A type of Iris, this is just one of nearly 50 different kinds of Moraea found in the local area; the bulbs of several species were harvested & eaten by Khoisan hunter-gatherers.
It’s currently a great time to visit the reserve: the mix of mature, unburned fynbos and the more recent post-fire fynbos – with completely different plants – is fascinating. The growing number of flowers has attracted sugarbirds and sunbirds and when I was there the local pair of Black Eagles cruised slowly overhead, on the lookout for dassies (Rock Hyraxes). And although the extravagant displays of flowers ebb after the first few post-fire years, the fynbos will be at its most diverse and – for want of a better word – prettiest – for many years to come.

The famous shape of a Pincushion Protea, this one is Leucospermum lineare, the Needle-leaf Pincushion.

The flowers of a Leucadendron or Conebush, a type of protea that turns the mountains luminous yellow when they flower in winter.

The delicate beauty of the Little Painted Lady (Gladiolus debilis), a type of Iris that flourishes after fire.

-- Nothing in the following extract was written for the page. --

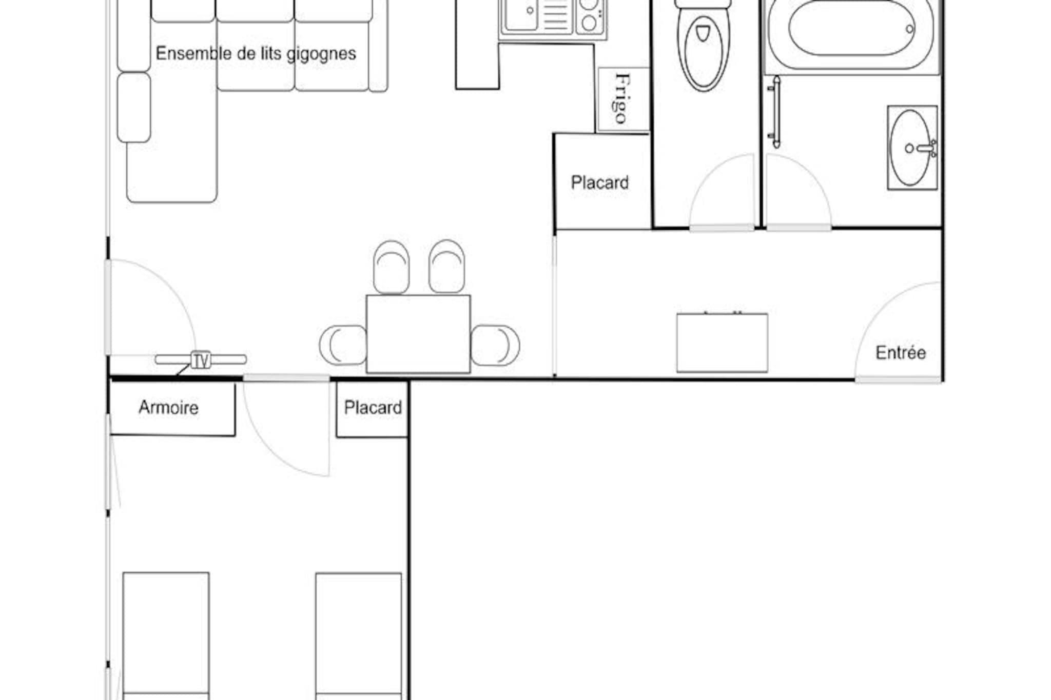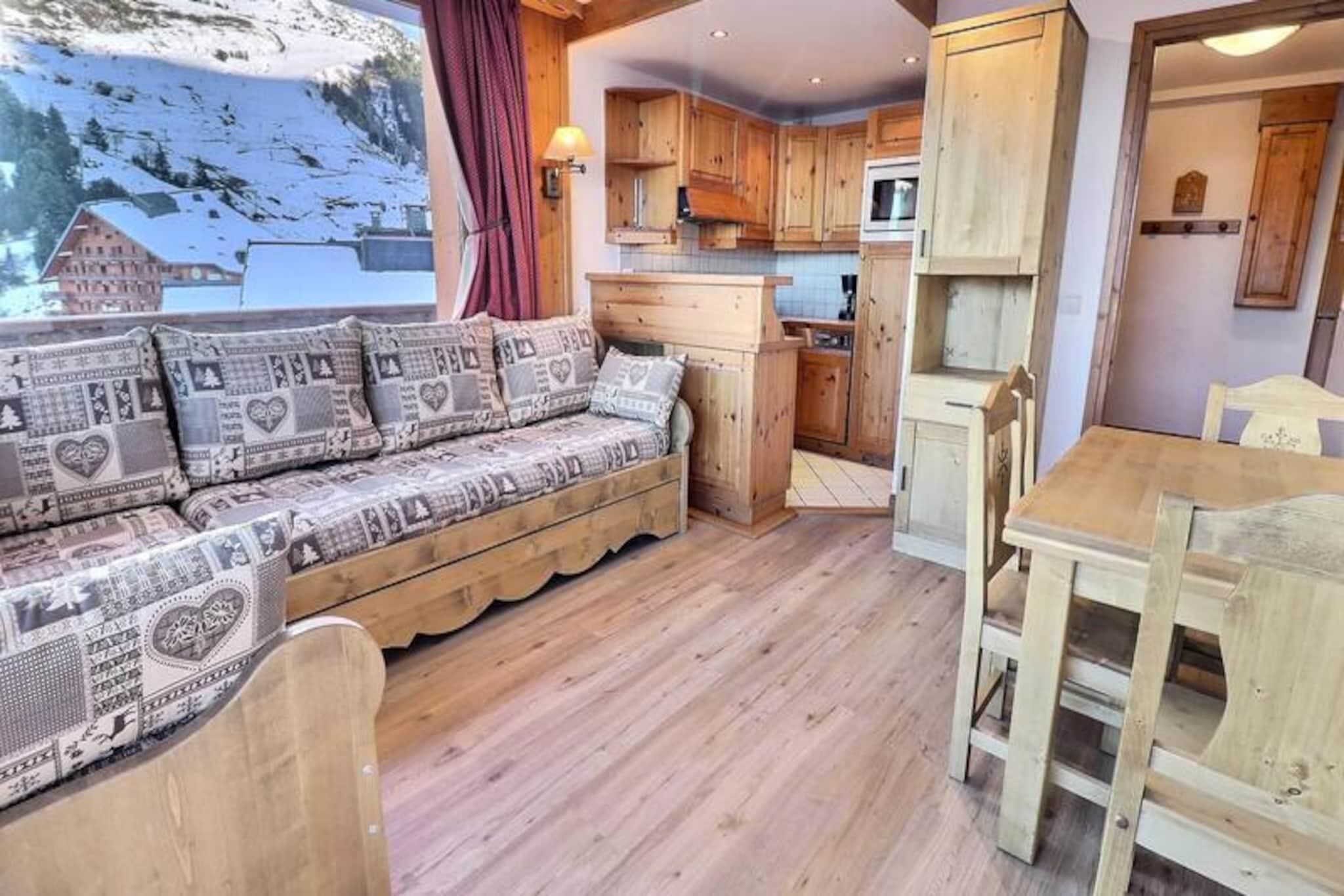 High above the enchanting valley of Méribel, this cozy apartment in the Plein Soleil residence offers a perfect alpine retreat for those seeking both adventure and relaxation. With its prime location directly on the slopes, you can step out of the ski lockers and glide straight into the pristine snow, making it an ideal choice for ski enthusiasts. The surrounding scenery, with its majestic peaks and serene forests, sets the tone for an unforgettable mountain escape. \n\nDesigned to accommodate up to four guests, the apartment features a thoughtfully arranged layout that balances comfort and practicality. The living room includes a set of trundle beds, while the bedroom offers two single beds, ensuring restful nights after active days. The kitchenette, equipped with modern appliances such as a combination microwave oven, ceramic hobs, and a dishwasher, is perfect for preparing hearty meals to enjoy in the cozy dining area. A north and east-facing balcony invites you to soak in the crisp alpine air and admire the stunning views. Additional amenities include a flat-screen TV and free Wi-Fi in the residence lounge, ensuring convenience and entertainment throughout your stay. \n\nThe Plein Soleil residence is ideally situated near the shops in the center of Mottaret, providing easy access to local dining and après-ski options. The Chalets cable car, operating from early morning until late evening, offers free access to the Hameau and Laitelet areas, making exploration effortless. Whether you’re skiing, hiking, or simply enjoying the charm of Méribel, everything you need is just steps away. \n\nThis delightful apartment combines the best of alpine living with modern comforts, creating a welcoming haven for your next mountain getaway. Experience the magic of Méribel and make memories that will last a lifetime.

Rejuvenated & well-watered, the Mont Rochelle landscape today is a far cry from the blackened wasteland it was just 30 months before.

This Brunia is known as a Volstruisie (little ostrich) in Afrikaans, alluding to the resemblance of the clustered flowers to a clutch of ostrich eggs.

Wachendorfia paniculata is best seen after a fire when it may flower in their thousands; part of the Bloodroot family, the red fleshy roots are dug up & eaten by porcupines.
We had a wonderful hike on Mont Rochelle today. We saw many beautiful plants and flowers. We were puzzled by porous black mounds that looked a bit like rocks but seemed to be insect mounds or something like that. Can you tell me what they are?
Hi Leslie – sounds like you saw termite mounds: the black-mound termite Amitermes hastatus. The mounds are the nests – made from a chewed-up digested paste mixed with sand (they eat decaying wood) – and they are honeycombed to allow for ventilation, thus keeping the interior truly air-conditioned. Termites, by the way, are more related to cockroaches than they are to ants, despite our persistence in calling them white-ants!
Hi, what’s the difference between Protea aucalos and Protea amplixcaulis, both called Aardroos. Great article. Thanks.
Hi Graham, thanks for the feedback & the interesting question: they are in different groupings of the Protea genus: P acaulos is a member of the ‘Western Ground Sugarbushes’ and P amplexicaulis is a ‘Rodent Sugarbush’ (even though acaulos is also pollinated by rodents …). Acaulos however is the more common, found across the SW Cape and at low altitudes too; amplexicaulis is definitely a mountain lover, and the inland mountains at that – always over a couple of hundred metres high. Their flowers are pretty similar but the leaves of acaulos (which vary greatly across its range) always point upwards; amplexicaulis leaves are held at a right angle to the stalk. Flowering times are slightly different: amplexicaulis peaks Jul/Aug while acaulos is mainly Aug/Sept. Incidentally, these plants excite overseas naturalists/botanists as they are so unusual – I have had guests who have asked to see a rodent-pollinated protea – it’s a big deal in botany as you know!
Good day! Can we expect to see any flowering fynbos when we visit in late August or is it too early?
Many Thanks
Hi Pam – good timing: late August is approaching peak flower season for mountain fynbos (Sept/Oct) and there will be many plants in flower plus some bulbs out. Have a look around the burnt area at the carpark – should be good stuff around.